Founded in 1984, and based on the works of Watts S. Humphrey with both IBM and Carnegie Mellon University, SEI’s mission “is to provide leadership in advancing the state of the practice
of software engineering to improve the quality of systems that depend on software”. SEI is charged with assisting and leading organizations in both the private and public sectors to develop
and continuously improve their capability to identify, adapt and use sound management and technical practices in the software process. It is believed that the use of these practices will result in
“disciplined, well-defined, and effectively managed software engineering processes for the purpose of delivering quality software that meets cost and schedule commitments”.

In November 1984, the SEI led by Humphrey began to develop a process maturity framework that would help organizations improve their software practices. Drawing on the work of the leaders of the
“quality movement” such as Deming, Juran, Drucker and Crosby, this effort created a set of guidelines for developing high-quality and high performance software processes. Humphrey and
his colleagues determined that the quality of an application is related directly to the quality of the process used to develop it. To improve the application development process, Humphrey wanted to
implement the Deming continuous-improvement cycle (plan-do-check-act), but he wanted to include the behaviors of both the development organization and organization management into this process,
since previous improvement efforts that focused only in the development area had not been successful. Humphrey’s analysis determined that organizations had to remove managerial and process
barriers to improvement in a specific order if the efforts were to succeed. As a result, the “process maturity framework” (precursor to the CMM and released in 1987) displayed an
evolutionary path to help management and developers increase the capability of their application development processes in five clearly defined stages.
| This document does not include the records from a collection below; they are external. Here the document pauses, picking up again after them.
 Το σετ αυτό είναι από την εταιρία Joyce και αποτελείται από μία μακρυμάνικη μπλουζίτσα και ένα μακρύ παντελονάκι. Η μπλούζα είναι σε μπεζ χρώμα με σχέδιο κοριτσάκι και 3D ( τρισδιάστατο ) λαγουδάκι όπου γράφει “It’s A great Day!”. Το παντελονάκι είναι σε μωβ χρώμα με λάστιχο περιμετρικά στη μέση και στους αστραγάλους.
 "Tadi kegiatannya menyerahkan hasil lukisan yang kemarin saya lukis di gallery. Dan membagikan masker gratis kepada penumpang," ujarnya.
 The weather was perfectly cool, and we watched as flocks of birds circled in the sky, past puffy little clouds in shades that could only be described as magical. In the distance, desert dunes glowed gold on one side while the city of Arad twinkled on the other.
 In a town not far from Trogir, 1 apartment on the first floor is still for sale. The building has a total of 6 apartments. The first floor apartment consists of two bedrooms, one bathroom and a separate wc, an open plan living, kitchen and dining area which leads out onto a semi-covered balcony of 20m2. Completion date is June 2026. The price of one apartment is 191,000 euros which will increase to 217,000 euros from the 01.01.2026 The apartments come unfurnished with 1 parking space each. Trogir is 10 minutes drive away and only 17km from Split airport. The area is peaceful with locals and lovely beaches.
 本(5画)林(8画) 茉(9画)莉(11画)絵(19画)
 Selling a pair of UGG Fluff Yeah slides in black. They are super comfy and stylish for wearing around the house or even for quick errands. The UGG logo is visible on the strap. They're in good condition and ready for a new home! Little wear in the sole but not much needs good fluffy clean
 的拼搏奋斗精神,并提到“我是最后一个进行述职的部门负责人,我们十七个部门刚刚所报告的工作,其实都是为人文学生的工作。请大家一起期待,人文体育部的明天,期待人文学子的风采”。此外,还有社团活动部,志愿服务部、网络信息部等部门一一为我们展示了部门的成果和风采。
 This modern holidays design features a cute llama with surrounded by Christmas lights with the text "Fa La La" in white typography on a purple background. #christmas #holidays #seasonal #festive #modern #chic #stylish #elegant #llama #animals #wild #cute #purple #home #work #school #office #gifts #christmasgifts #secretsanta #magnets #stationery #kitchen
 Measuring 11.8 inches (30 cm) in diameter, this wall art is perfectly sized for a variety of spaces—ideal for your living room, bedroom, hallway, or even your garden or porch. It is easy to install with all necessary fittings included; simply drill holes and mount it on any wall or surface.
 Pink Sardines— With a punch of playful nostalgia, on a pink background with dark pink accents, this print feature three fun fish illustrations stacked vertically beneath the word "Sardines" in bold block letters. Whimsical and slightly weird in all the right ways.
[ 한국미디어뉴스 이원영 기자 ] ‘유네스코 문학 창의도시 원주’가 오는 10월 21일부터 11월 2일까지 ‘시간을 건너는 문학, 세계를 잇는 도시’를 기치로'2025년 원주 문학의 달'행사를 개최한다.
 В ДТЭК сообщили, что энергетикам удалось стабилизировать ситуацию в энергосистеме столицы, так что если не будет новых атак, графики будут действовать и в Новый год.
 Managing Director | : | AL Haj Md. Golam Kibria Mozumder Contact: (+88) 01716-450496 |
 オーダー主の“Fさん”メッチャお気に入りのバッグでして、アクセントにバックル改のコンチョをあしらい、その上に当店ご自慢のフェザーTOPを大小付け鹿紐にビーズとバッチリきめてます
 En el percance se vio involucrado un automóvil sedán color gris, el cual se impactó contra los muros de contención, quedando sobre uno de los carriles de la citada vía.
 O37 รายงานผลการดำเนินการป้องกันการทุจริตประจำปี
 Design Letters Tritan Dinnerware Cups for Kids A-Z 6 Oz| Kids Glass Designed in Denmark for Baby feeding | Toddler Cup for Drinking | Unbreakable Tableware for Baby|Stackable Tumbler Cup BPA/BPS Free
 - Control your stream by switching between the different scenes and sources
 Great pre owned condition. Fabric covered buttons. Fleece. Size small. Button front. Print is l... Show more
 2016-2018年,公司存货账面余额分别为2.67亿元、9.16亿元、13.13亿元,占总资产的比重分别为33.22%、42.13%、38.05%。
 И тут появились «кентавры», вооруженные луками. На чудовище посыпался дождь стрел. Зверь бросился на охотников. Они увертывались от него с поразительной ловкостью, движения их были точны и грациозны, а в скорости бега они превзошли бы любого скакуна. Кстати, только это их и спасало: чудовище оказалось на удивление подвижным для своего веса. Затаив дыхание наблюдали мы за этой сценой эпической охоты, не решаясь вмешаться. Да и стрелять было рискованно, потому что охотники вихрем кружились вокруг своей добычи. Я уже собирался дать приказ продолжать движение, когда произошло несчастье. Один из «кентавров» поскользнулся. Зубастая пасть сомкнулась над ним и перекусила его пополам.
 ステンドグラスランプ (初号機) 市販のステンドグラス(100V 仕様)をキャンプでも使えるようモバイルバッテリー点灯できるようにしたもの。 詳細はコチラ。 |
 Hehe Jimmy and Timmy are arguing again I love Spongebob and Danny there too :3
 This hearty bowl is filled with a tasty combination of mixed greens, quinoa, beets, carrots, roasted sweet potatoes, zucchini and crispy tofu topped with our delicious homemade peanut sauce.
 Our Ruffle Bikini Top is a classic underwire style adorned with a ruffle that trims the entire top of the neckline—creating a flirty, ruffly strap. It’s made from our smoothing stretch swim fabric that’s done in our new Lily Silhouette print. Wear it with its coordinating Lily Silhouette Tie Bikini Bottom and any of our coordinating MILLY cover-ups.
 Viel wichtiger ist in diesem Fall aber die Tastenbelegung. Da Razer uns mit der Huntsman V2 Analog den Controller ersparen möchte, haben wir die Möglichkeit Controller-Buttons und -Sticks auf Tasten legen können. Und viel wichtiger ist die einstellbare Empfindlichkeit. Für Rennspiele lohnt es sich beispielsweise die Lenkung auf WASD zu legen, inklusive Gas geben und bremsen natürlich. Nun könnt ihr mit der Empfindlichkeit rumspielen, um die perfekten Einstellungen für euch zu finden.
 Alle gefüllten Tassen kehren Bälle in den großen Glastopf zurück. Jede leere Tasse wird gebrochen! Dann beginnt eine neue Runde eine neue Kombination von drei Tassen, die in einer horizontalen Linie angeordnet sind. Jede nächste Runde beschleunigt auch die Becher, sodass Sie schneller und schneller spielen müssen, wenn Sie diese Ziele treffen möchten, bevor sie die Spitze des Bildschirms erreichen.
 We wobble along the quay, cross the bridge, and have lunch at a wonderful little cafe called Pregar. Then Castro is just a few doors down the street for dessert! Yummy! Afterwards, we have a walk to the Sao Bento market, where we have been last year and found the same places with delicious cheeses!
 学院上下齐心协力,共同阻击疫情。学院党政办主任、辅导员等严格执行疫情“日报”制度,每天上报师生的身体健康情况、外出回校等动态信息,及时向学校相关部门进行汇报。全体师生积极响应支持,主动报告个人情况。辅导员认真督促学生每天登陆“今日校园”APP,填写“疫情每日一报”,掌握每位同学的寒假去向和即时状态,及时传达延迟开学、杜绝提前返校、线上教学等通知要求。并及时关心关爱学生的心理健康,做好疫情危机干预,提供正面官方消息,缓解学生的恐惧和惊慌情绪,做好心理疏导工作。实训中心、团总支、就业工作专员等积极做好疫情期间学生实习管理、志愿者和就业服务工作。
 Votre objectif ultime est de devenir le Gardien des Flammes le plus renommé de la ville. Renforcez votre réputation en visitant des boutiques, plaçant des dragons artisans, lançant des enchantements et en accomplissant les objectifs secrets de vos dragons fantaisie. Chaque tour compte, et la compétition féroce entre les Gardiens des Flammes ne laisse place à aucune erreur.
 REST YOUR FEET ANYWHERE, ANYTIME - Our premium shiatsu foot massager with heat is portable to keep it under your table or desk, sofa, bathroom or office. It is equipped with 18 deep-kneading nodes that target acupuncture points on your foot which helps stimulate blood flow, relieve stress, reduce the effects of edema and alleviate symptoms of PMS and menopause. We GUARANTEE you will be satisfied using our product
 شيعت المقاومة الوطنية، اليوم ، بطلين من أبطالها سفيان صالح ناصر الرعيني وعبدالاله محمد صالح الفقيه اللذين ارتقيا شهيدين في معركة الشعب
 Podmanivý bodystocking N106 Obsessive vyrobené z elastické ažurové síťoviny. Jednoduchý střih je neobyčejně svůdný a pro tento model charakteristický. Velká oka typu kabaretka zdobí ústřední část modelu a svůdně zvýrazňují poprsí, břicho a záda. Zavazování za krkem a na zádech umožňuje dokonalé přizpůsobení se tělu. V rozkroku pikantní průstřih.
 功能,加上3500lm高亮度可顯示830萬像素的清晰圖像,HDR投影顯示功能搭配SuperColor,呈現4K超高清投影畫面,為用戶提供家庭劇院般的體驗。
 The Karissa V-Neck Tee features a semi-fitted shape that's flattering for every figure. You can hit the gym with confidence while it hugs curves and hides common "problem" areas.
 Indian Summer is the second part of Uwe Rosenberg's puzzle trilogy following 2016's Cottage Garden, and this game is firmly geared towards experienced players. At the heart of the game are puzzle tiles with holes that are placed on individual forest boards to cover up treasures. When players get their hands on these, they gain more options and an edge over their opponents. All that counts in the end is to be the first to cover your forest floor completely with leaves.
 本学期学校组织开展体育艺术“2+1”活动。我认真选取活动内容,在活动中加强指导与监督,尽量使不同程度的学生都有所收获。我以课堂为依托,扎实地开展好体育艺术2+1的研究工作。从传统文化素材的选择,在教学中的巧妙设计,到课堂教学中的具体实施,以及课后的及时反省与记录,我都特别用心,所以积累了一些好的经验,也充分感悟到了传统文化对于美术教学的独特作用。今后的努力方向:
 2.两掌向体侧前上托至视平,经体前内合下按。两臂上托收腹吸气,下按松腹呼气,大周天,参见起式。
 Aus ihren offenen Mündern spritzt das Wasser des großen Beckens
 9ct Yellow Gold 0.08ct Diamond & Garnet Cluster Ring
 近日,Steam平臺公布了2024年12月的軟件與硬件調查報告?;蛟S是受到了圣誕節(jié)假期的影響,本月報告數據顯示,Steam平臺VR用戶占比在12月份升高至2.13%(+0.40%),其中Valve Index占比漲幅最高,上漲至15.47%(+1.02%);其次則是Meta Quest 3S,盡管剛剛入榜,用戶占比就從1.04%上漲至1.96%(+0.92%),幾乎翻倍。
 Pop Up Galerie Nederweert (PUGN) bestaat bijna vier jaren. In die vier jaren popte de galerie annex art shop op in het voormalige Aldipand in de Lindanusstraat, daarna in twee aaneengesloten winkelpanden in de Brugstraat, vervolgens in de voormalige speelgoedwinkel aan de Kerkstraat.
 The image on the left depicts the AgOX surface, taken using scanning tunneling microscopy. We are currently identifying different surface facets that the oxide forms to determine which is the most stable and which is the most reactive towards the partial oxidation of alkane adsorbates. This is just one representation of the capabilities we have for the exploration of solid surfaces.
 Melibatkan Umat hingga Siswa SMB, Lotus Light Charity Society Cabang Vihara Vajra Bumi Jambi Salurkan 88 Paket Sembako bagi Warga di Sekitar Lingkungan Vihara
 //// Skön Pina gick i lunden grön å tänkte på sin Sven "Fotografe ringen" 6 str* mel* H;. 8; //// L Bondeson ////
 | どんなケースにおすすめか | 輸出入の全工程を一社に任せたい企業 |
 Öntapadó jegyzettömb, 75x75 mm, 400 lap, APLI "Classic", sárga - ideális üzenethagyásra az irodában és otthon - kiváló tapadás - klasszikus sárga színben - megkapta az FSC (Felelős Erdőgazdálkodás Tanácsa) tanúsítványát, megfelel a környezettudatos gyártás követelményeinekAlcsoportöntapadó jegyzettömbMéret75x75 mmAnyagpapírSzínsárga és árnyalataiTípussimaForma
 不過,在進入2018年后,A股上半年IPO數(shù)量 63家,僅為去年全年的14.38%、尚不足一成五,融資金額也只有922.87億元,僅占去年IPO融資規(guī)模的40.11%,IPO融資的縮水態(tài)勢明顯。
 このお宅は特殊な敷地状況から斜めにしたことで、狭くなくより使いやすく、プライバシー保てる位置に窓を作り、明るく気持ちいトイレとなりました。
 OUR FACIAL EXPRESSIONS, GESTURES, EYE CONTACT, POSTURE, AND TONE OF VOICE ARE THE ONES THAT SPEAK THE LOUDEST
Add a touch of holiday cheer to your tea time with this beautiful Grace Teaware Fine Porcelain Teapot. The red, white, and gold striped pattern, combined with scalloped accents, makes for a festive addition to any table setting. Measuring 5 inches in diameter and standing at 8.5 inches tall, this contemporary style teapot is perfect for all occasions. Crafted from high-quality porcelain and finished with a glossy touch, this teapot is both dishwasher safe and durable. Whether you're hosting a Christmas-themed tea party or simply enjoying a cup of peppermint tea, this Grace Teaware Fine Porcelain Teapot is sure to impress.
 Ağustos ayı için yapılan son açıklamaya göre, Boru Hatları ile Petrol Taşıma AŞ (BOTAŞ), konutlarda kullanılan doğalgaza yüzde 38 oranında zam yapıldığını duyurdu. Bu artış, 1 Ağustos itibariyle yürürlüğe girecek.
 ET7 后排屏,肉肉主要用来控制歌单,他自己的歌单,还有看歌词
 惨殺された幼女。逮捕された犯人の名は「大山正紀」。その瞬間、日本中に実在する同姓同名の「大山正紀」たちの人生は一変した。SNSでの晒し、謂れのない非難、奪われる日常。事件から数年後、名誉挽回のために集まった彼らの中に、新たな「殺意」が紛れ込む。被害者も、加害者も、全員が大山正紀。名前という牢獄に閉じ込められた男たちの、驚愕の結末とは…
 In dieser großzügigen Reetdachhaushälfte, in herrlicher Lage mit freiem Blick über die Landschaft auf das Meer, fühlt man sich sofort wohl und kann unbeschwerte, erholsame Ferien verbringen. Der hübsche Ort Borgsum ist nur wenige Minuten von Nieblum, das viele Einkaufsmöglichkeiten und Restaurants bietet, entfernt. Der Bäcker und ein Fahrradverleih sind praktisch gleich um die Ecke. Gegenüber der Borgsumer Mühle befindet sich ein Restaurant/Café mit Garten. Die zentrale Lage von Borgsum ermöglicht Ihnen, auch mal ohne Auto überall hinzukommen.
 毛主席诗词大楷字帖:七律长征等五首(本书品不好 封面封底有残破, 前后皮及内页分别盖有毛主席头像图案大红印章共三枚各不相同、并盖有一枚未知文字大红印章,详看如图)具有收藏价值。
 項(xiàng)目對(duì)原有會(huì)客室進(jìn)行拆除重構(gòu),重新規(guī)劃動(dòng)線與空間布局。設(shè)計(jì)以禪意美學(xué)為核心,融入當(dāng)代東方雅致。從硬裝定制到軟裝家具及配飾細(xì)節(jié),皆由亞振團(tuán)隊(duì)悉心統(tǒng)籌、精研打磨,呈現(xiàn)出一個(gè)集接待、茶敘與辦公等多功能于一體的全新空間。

The Capability Maturity Model, whose first version was released in 1991, is “based on actual industry practices, reflects the best practices of the industry and reflects the needs of
individuals performing software process improvement and process appraisals (measurement and benchmarking)”. The CMM is intended to be a cohesive, coherent, ordered set of incremental
improvements, all relating to experienced success in the field, and packaged into a framework that demonstrates how effective practices can be built on one another into a logical and repeatable
progression. Far from a “quick fix”, successful use of the CMM requires attention to detail, support and participation from senior management and a rational approach to all aspects of
software development and implementation.

As a model, the CMM is rigid, conceptualized and flexible. It is rigid in its representation and description; its flexibility lies in its interpretation and implementation; it is conceptual and
generalized in that it represents the major aspects of software development and implementation at a variety of organizations in many industries and of different sizes. These paradoxical impressions
can make the CMM difficult to understand and implement for novices in quality initiatives or those not acquainted with the framework/model approach to analyzing a situation.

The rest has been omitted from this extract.